Your task is to copy the lines of the data below from the line holding "Les parcelles se" through the line holding "Enherbement en verger d'agrumes", inclusive, exactly and with nothing added.
━━━━━ DATA FOR REVIEW
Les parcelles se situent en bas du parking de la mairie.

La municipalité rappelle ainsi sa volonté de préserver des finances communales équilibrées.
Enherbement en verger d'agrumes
━━━━━━━━━━
━━━━━ DATA FOR REVIEW
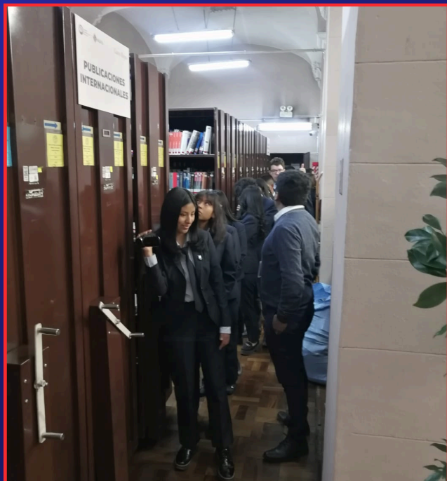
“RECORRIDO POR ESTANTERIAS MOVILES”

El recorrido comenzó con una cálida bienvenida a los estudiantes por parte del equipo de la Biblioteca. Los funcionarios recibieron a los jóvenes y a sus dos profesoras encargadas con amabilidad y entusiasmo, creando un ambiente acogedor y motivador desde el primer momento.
━━━━━━━━━━
━━━━━ DATA FOR REVIEW
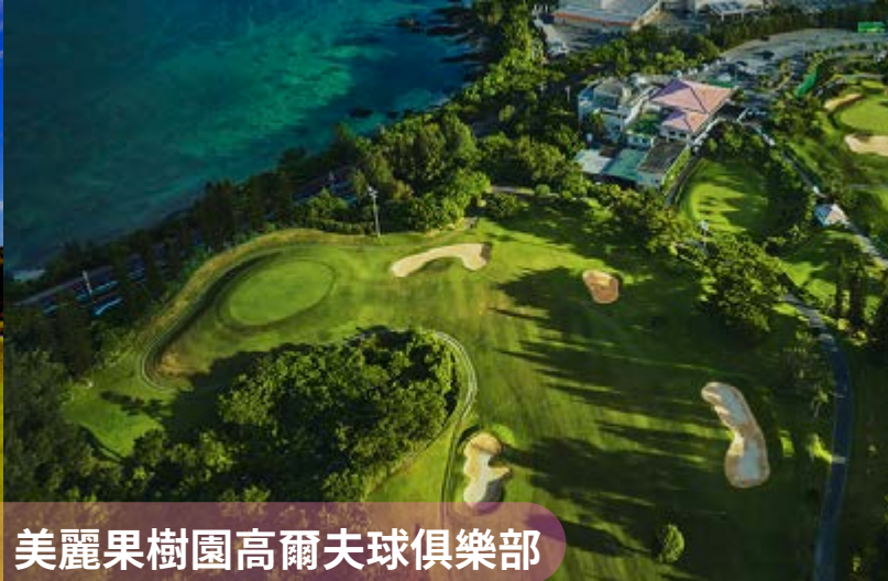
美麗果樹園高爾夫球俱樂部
━━━━━━━━━━
■ **RESULT OF THE TASK**:
Les parcelles se situent en bas du parking de la mairie.

La municipalité rappelle ainsi sa volonté de préserver des finances communales équilibrées.
Enherbement en verger d'agrumes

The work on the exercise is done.